Si quieres sabores divinos prueba los helados de lentejas o de fabada, es como lamer a Dios jajajaja
Este articulo nos demuestra que por más que la publicidad quiera homogeneizar gustos, tiene un límite (extremo pero lo tiene).
A mí me ha gustado el artículo pero no he terminado de entender por qué era tan peculiar el tal Moskowitz.
Sobre los sabores perfectos, yo mismo tengo problemas para crear una lista de mis diez platos favoritos... ¡y no hablemos de ordenarla! Así que no me quiero ni imaginar si el test se realiza a cientos de personas, cada uno con su paradigma de lo que está bueno y lo que no.
Sí, exacto, parece que Sergio estaba pensando en 300 cuando lo escribió ;D
Interesante, sí señor, pero una vez más, lo sería más de aportar más datos! ;D
Abrazos
Ésa es la razón por la que cada vez con más frecuencia hay más variedad en la gama de productos relacionados con las papilas gustativas, tanto líquidos como sólidos: varios niveles de acidez en el aceite de oliva, amplio espectro de salsas, pasta, zumos de mil combinaciones de frutas...
En efecto, desde hace años los investigadores centrados en sabores engrosan el elenco de toda empresa de comestibles que se precie
Hasta en Matrix han hecho una broma sobre eso: "¿y si las máquinas la pifiaron y por eso hay tantas cosas que saben a pollo?" ;D
Abrazos
Alguno de esos raros, con aceite de oliva y tal, sí que he probado, pero donde esté el clásico de menta con trocitos de chocolate... :p)
Creo que es tan especial porque llega a la conclusión de que no existe el sabor perfecto sino muchos perfectos sabores, algo obvio por otro lado, pero no para la industria alimentaria de entonces.
Hace tiempo que dí de lado a la Coca Cola ;-) El niño repelente que dice ser vicepresidente no lo aguanto.
Ahora bebo Pepsi light XD
Por cierto, hay muchas voces en internet que dicen que el aspartamo ("ajur!, ajur!, ajur!") es malo para la salud. La verdad es que los videos que suben al youtube sobre esto parecen hechos por "Los creadores que dicen que el microhondas produce cáncer presenta". ¿Alguien sabe algo más sobre el aspartamo ("ajur!, ajur!, ajur!")?
Opino que eres mucho más gracioso en tu versión monesca que en en la humana :)
el aspartamo me han dicho que es cancerigeno, eso es verdad? o es un rumor?

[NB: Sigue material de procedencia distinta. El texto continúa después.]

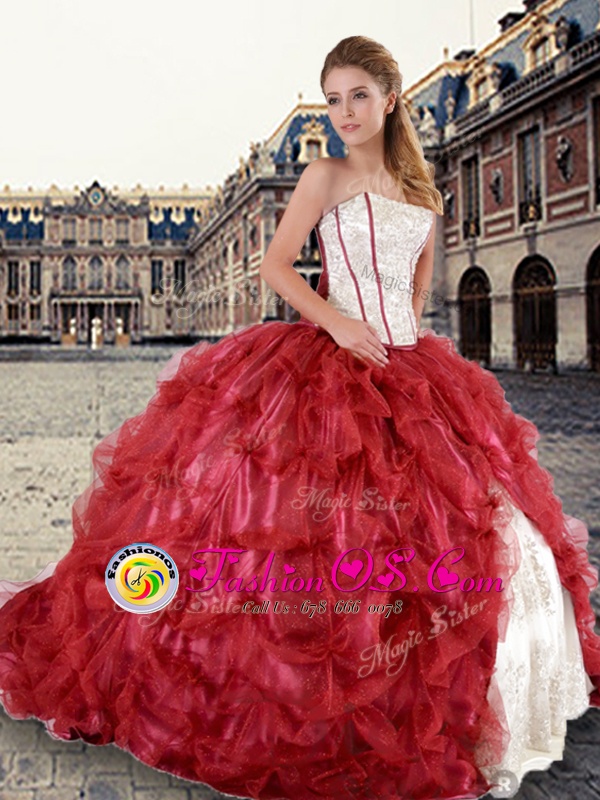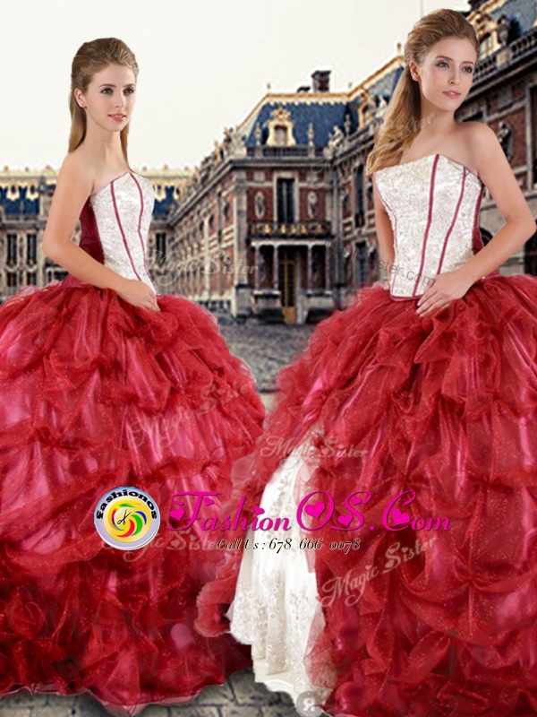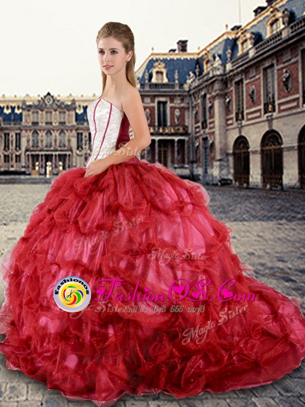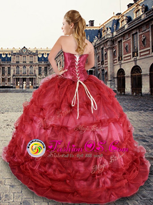 Beauteous Red Tulle Lace Up Quinceanera Dress Sleeveless Floor Length Beading and Pick Ups
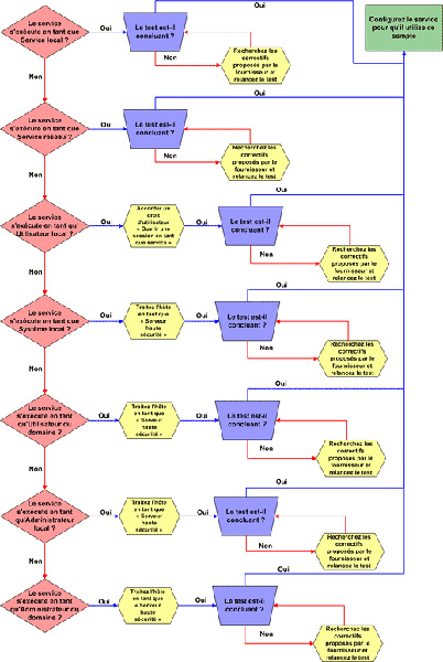 Le diagramme de la figure suivante montre les points à prendre en considération lorsque vous décidez du type de compte à utiliser pour exécuter vos services de façon sécurisée.
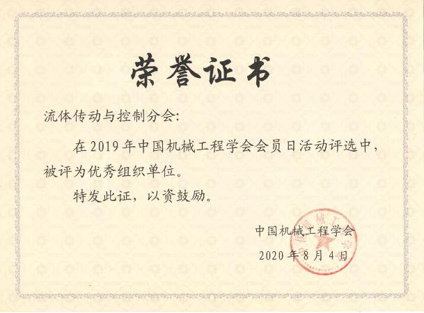 2020年8月,流體傳動(dòng)與控制分會(huì)憑借形式多樣,內(nèi)容豐富的會(huì)員日活動(dòng),在“2019年中國(guó)機(jī)械工程學(xué)會(huì)會(huì)員日”活動(dòng)評(píng)選中被評(píng)為優(yōu)秀組織單位。
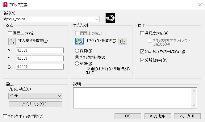 異なるテーブルと椅子の環境設定を持つ独自のダイナミック ブロックを作成します。

O de chocolate con trocitos de menta...
O de chocolate con trocitos de chocolate y sirope de chocolate... mmmm ;P
sí, en la variedad está el gusto...
Claro que lo tiene: cuando un amigo te invita a chicles y tienes que preguntarle de qué sabor son porque tu lengua no lo identifica ;D
Gracias, Yunni, por apuntarme como experto. Un placer y un honor. Espero que coincidamos más
Es curioso pero cuando consumo los alimentos que prepara mi mama son con totalidad una delicia, mientras que si los consumo en un lugar distinto no siempre tiene un buen sabor a pesar de que sea el mismo alimento.
A que me refiero con esto, bueno que también tiene mucho que ver la forma en la que se cocina o prepara la comida (Utilizando las cantidades indicadas).
Ademas de que no todos disfrutamos de los mismos sabores. (Odio el sabor a menta).
Saludos.
Gracias a usted señor Soto por su espontaneidad.